American football player (born 1971)

Charles Anthony Pittman (born August 5, 1971) is an American former college football player. He was a second-team All-Big Ten cornerback at Penn State after graduating from Phillips Academy in 1990. Pittman grew up in Erie, Pennsylvania and also attended McDowell High School, where he would have been in the 1989 graduation class had he not transferred to Phillips Academy.

==Collegiate career==
Recruited out of Phillips Academy in Andover, Massachusetts, Pittman was a member of Joe Paterno's 1990 recruiting class. Pittman led the Nittany Lions in interceptions in 1993 with five and started all twelve games at cornerback for the undefeated Rose Bowl championship team in 1994.

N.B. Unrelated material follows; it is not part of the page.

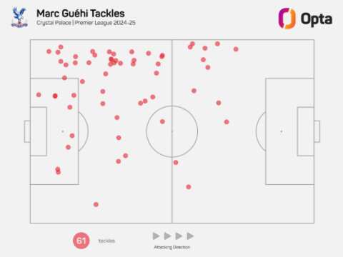 Although his aerial ability is not his biggest attribute, Guehi competes strongly in ground duels towards the left side of the pitch.

Pittman was the 1993 recipient of the Jim O'Hora Award. Each year, the award is presented to a defensive Penn State Nittany Lions football player for "exemplary conduct, loyalty, interest, attitude, and improvement" during spring practice each year.

==Family==
Pittman's father Charlie Pittman starred as an All-American running back on the undefeated Penn State teams of 1968-1969.

Neither Tony Pittman nor Charlie Pittman ever lost a game they started while at Penn State. Their combined college records were 45-0-1. New York Giants general manager Ernie Accorsi noted, “it’s unprecedented; it’s hard to believe that record for a father and son at the same university—and the son played in the Big Ten—that is something mind-boggling.”

==Personal==
In 2007, he and his father Charliewrote Playing for Paterno, ISBN 1-60078-000-8, about their shared experiences as the first father/son to play for the coach.

Pittman and co-host Phil Collins (a former teammate) created, produced and hosted "The Penn State Football Podcast" from 2005 - 2013.